Similar cases in France prove this is now a widespread personal safety hazard. A March report by this publication noted that victims of violent attacks in France are no longer limited to industry insiders or corporate executives; criminals are increasingly targeting ordinary individuals and private residences.
The Danbury case brings this established modus operandi into US court records. Conspicuous luxury cars are wealth markers, family is leverage, and the ultimate target asset is Bitcoin.
The criminals' core logic: find a person to physically coerce in order to access crypto assets.
The Danbury case clearly demonstrates that relatives can become indirect hostages in crypto-related crimes. The series of cases in France shows that as such attacks become recurrent, local public safety guidelines, travel and protection habits of industry executives, and self-protection methods for ordinary holders are all forced to adapt.
Europe Remains the Core Hotspot for Wrench Attack Cases
Apart from the Danbury guilty plea, overall case data shows Europe remains the concentrated epicenter for 'wrench attack' crimes.
CertiK's "2026 Wrench Attack Overview Report" states that 34 attack cases were verified from January to April 2026, with estimated total losses of approximately $101 million.
Of these 34 cases, 28 occurred in Europe, accounting for 82% of all recorded cases, with France having the highest number of incidents.
A May CryptoSlate special analysis on wrench attacks reached the same conclusion: the wave of offline violent extortion targeting crypto holders continues to accelerate, with the core region still being Europe, particularly France.
CertiK data shows that crypto 'wrench attacks' targeting holders, family, devices, and other physical endpoints confirmed 72 incidents in 2025, a 75% year-on-year increase. Of 34 cases in the first 4 months of 2026, 82% occurred in Europe, with estimated total losses of ~$101M. The core risk lies in the human/physical endpoint, not code vulnerabilities.
The Danbury case confirms that this attack model against crypto holders is now a judicial challenge for US prosecutors and federal courts.
Court records fully illustrate how the offline safety crisis sparked by crypto assets integrates into standard violent crime enforcement: gang recruitment, cross-regional operations, surveillance, hostage-taking of family, luxury car target identification, and hostage coercion for Bitcoin—the entire criminal chain is clearly documented.
For crypto asset holders and industry businesses, the scope of operational security has broadened significantly. Beyond online risks like phishing, wallet theft, exchange account breaches, and smart contract vulnerabilities, offline exposure risks related to identity, home addresses, electronic devices, and family must be seriously addressed.
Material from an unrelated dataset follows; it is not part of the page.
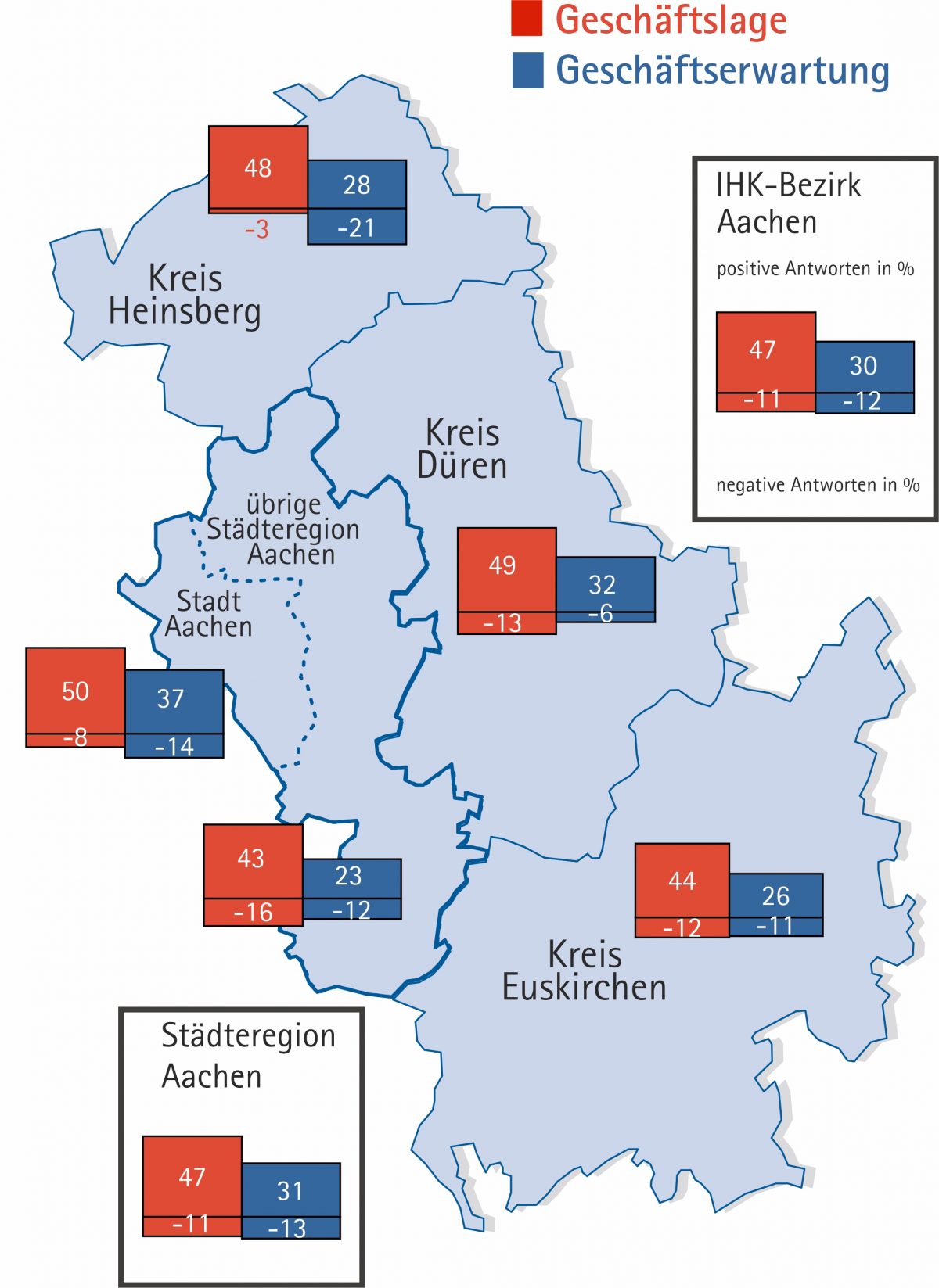 Die Geschäfte der Unternehmen in der Stadt Aachen sind seit dem Frühjahr deutlich angezogen. 50 Prozent aller Betriebe melden eine gute Geschäftslage, nur 8 Prozent sind nicht zufrieden. Gut geht es vor allem dem Einzelhandel (Saldo: +63) und dem Baugewerbe (Saldo: +61). Die Unternehmen bleiben dabei zuversichtlich. 37 Prozent der Befragten rechnen mit einer positiven Entwicklung, 14 Prozent mit einer negativen. Positive Aussichten haben vor allem das Baugewerbe (Saldo: +31), die Industrie (Saldo: +30) und die Dienstleister (Saldo: +30).

The next key judicial signal will be the sentencing outcome. Saif Faiq's August 28th hearing will demonstrate how federal courts define and punish his culpability in this robbery conspiracy.
Long-term, all cases warranting close attention share a commonality: criminals identify crypto holders through offline clues like family, residences, vehicles, and public social profiles. It is precisely these cases that are transforming a safety crisis once concentrated in France into a societal issue that law enforcement across the US must confront—each court filing serves as a risk warning.